- _Input records_

• • • •

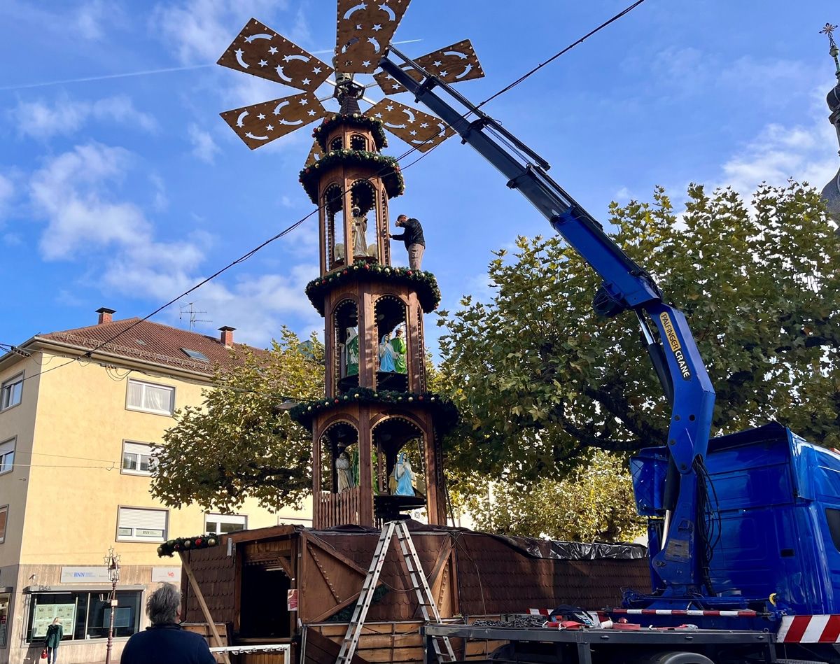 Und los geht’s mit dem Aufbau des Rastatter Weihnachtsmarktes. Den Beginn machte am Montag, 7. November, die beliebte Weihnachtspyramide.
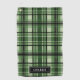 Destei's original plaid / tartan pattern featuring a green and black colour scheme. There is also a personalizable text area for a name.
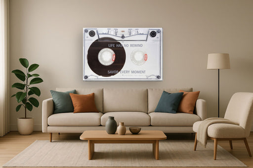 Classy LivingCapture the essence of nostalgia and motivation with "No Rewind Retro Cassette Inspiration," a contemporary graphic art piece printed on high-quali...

• • • •

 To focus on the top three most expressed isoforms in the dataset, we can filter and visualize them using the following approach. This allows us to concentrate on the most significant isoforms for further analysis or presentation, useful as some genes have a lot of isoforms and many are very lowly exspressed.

• • • •

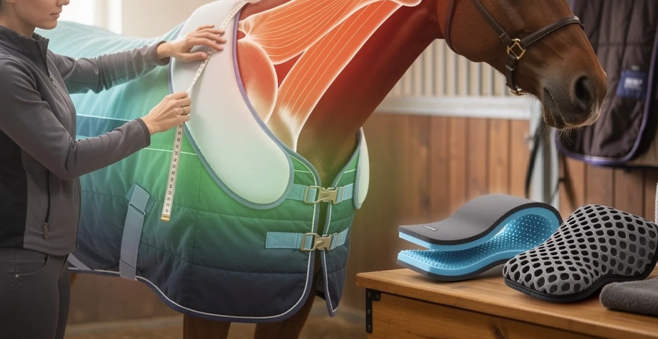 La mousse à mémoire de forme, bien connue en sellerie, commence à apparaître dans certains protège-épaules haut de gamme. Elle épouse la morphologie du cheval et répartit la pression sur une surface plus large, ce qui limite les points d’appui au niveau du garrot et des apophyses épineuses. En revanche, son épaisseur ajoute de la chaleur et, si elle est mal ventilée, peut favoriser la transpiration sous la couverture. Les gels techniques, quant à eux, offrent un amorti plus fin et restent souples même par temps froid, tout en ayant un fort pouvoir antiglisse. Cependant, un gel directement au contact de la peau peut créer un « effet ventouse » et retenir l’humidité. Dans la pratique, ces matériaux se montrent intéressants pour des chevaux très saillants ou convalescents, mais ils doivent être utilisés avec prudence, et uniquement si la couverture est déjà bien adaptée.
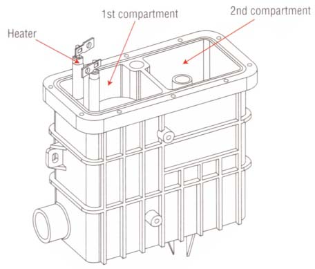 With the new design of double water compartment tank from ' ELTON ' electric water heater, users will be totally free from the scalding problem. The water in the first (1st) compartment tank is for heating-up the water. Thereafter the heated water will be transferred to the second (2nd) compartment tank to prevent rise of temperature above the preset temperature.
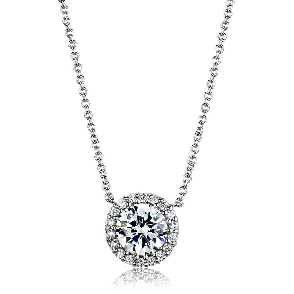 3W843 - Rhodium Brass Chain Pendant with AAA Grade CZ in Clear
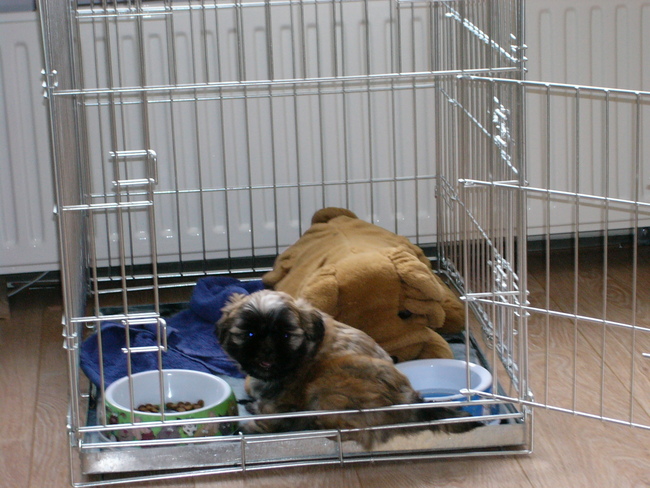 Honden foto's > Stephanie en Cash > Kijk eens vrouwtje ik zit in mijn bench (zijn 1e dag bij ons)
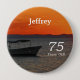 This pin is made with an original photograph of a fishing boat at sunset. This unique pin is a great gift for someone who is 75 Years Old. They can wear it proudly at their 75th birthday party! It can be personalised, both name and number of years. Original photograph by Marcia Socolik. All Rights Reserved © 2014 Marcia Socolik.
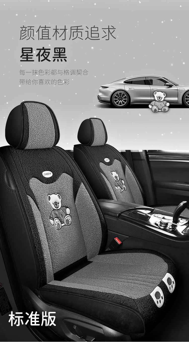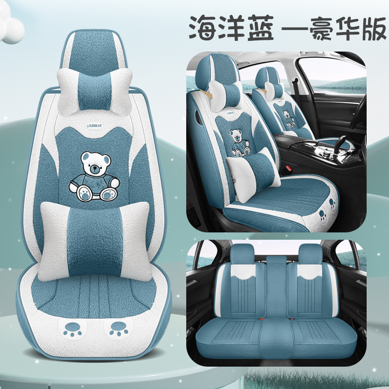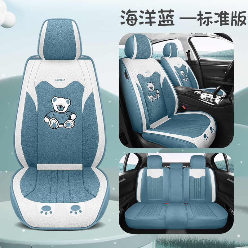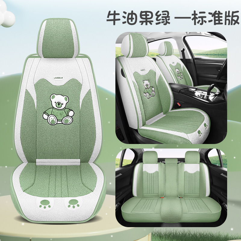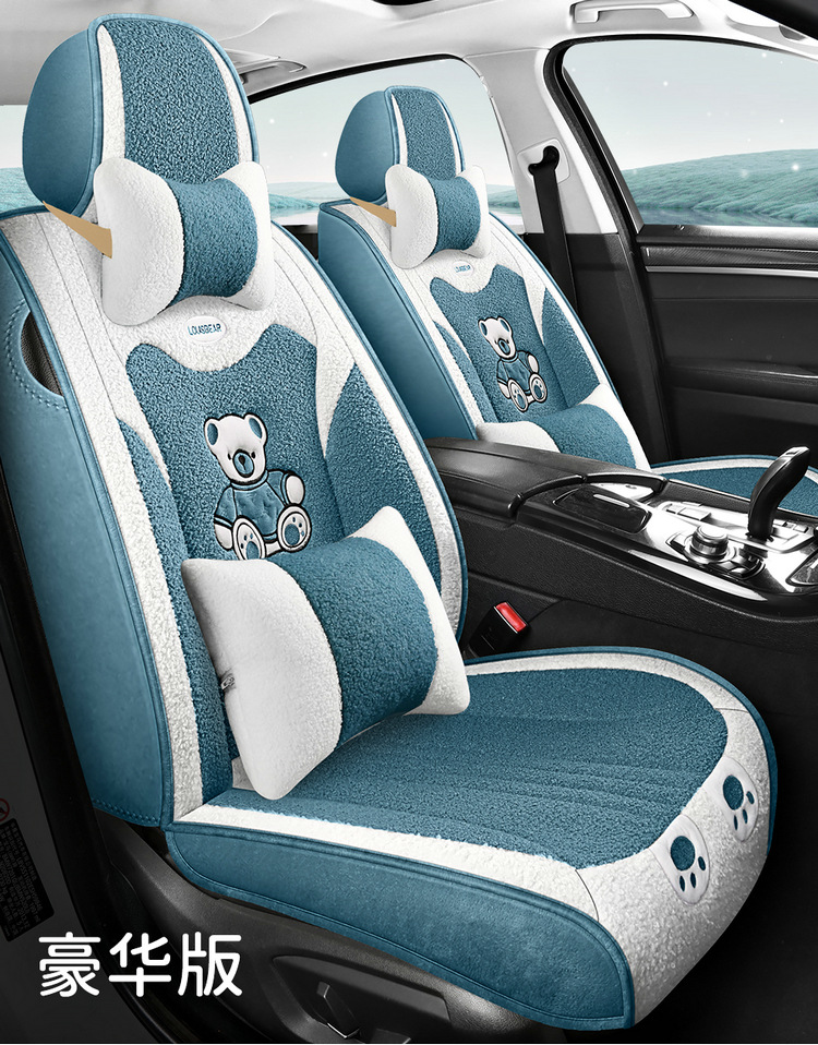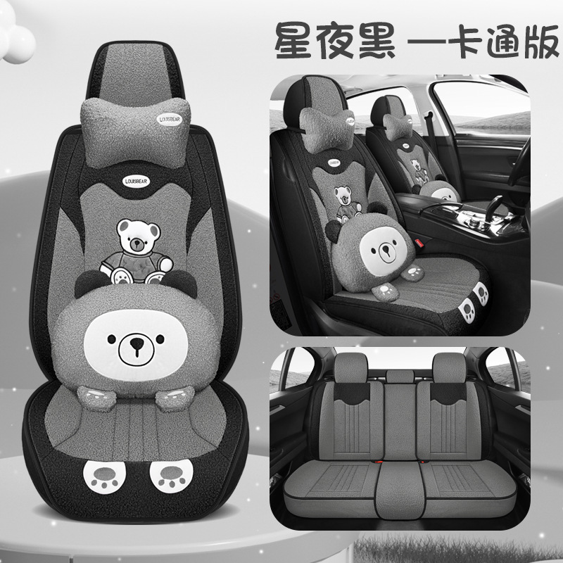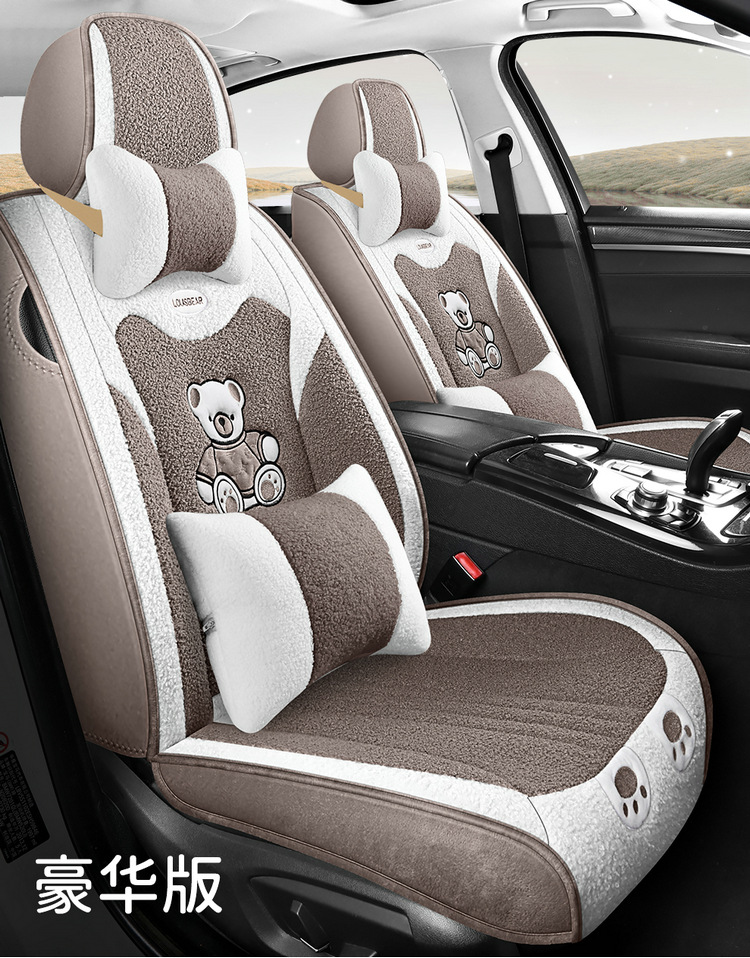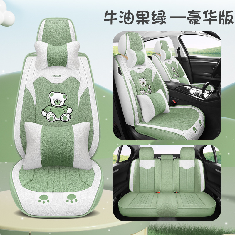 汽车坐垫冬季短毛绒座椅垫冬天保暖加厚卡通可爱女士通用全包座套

• • • •

From the records above, return exactly the lines running from the one that contains "Und los geht’s" down to the one that contains "Classy LivingCapture the", both included, without any pictures.

 Und los geht’s mit dem Aufbau des Rastatter Weihnachtsmarktes. Den Beginn machte am Montag, 7. November, die beliebte Weihnachtspyramide.
 Destei's original plaid / tartan pattern featuring a green and black colour scheme. There is also a personalizable text area for a name.
 Classy LivingCapture the essence of nostalgia and motivation with "No Rewind Retro Cassette Inspiration," a contemporary graphic art piece printed on high-quali...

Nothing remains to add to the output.